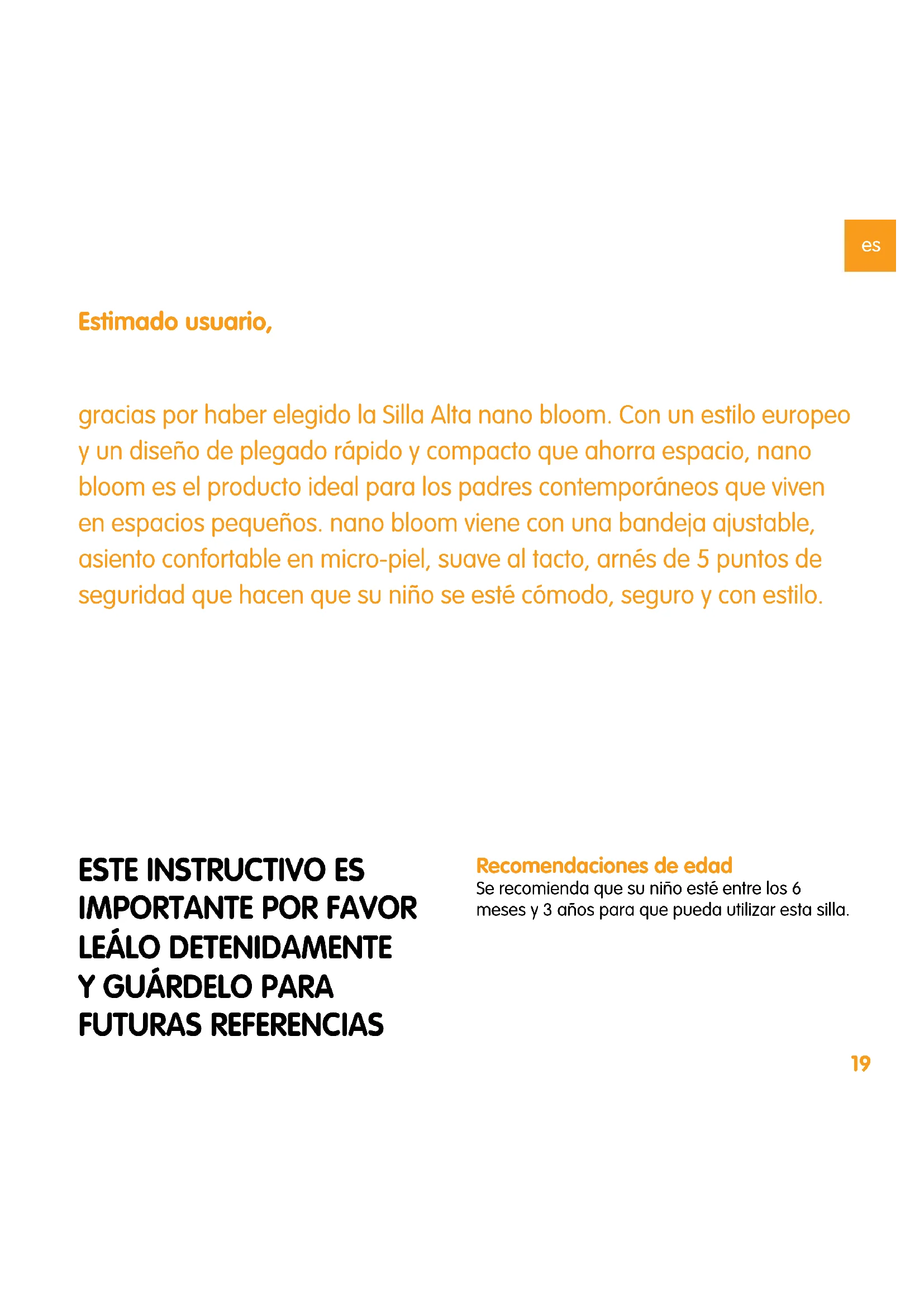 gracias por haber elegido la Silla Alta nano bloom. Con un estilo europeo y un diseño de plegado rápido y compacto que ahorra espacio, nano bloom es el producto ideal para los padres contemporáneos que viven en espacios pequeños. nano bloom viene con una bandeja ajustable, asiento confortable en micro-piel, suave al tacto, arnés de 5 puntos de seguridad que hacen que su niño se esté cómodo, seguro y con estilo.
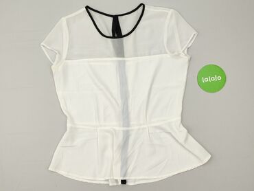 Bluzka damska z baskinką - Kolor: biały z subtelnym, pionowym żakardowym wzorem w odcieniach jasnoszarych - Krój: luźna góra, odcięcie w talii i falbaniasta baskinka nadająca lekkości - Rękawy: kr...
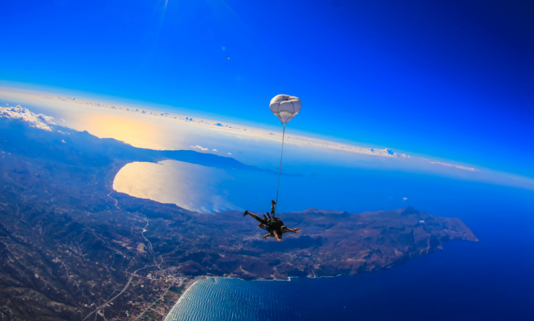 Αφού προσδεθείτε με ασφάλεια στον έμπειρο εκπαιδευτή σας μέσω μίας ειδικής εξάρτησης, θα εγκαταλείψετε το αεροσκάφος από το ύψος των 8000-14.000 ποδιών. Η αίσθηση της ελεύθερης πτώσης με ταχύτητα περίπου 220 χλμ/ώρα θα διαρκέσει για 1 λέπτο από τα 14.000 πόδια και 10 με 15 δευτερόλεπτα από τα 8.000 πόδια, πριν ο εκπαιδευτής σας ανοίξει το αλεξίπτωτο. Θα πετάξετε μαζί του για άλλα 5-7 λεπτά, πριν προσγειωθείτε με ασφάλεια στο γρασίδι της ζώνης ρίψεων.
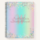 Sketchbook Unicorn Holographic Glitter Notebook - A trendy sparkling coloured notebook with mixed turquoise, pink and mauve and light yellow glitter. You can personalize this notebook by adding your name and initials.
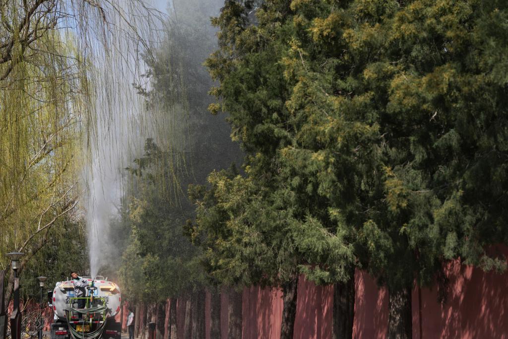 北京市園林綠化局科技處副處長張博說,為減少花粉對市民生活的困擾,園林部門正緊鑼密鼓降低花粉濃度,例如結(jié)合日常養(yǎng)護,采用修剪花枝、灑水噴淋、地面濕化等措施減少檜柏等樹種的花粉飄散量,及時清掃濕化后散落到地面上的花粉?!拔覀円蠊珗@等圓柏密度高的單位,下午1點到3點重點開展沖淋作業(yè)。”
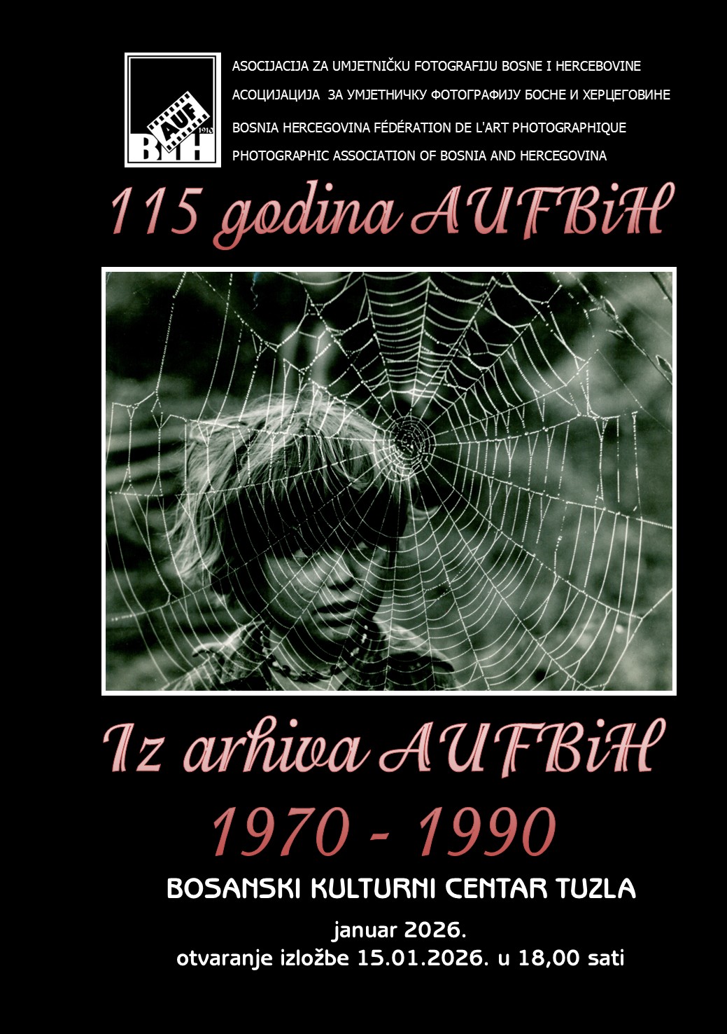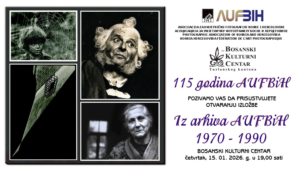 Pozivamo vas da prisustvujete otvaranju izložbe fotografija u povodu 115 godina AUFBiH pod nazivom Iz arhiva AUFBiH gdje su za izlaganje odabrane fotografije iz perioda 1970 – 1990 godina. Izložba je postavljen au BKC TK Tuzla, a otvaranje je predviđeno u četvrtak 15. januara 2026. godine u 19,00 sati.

++++++++

Task statement >> Reproduce the material above verbatim; omit every picture.

Task answer >>
 gracias por haber elegido la Silla Alta nano bloom. Con un estilo europeo y un diseño de plegado rápido y compacto que ahorra espacio, nano bloom es el producto ideal para los padres contemporáneos que viven en espacios pequeños. nano bloom viene con una bandeja ajustable, asiento confortable en micro-piel, suave al tacto, arnés de 5 puntos de seguridad que hacen que su niño se esté cómodo, seguro y con estilo.
 Bluzka damska z baskinką - Kolor: biały z subtelnym, pionowym żakardowym wzorem w odcieniach jasnoszarych - Krój: luźna góra, odcięcie w talii i falbaniasta baskinka nadająca lekkości - Rękawy: kr...
 Αφού προσδεθείτε με ασφάλεια στον έμπειρο εκπαιδευτή σας μέσω μίας ειδικής εξάρτησης, θα εγκαταλείψετε το αεροσκάφος από το ύψος των 8000-14.000 ποδιών. Η αίσθηση της ελεύθερης πτώσης με ταχύτητα περίπου 220 χλμ/ώρα θα διαρκέσει για 1 λέπτο από τα 14.000 πόδια και 10 με 15 δευτερόλεπτα από τα 8.000 πόδια, πριν ο εκπαιδευτής σας ανοίξει το αλεξίπτωτο. Θα πετάξετε μαζί του για άλλα 5-7 λεπτά, πριν προσγειωθείτε με ασφάλεια στο γρασίδι της ζώνης ρίψεων.
 Sketchbook Unicorn Holographic Glitter Notebook - A trendy sparkling coloured notebook with mixed turquoise, pink and mauve and light yellow glitter. You can personalize this notebook by adding your name and initials.
 北京市園林綠化局科技處副處長張博說,為減少花粉對市民生活的困擾,園林部門正緊鑼密鼓降低花粉濃度,例如結(jié)合日常養(yǎng)護,采用修剪花枝、灑水噴淋、地面濕化等措施減少檜柏等樹種的花粉飄散量,及時清掃濕化后散落到地面上的花粉?!拔覀円蠊珗@等圓柏密度高的單位,下午1點到3點重點開展沖淋作業(yè)。”
 Pozivamo vas da prisustvujete otvaranju izložbe fotografija u povodu 115 godina AUFBiH pod nazivom Iz arhiva AUFBiH gdje su za izlaganje odabrane fotografije iz perioda 1970 – 1990 godina. Izložba je postavljen au BKC TK Tuzla, a otvaranje je predviđeno u četvrtak 15. januara 2026. godine u 19,00 sati.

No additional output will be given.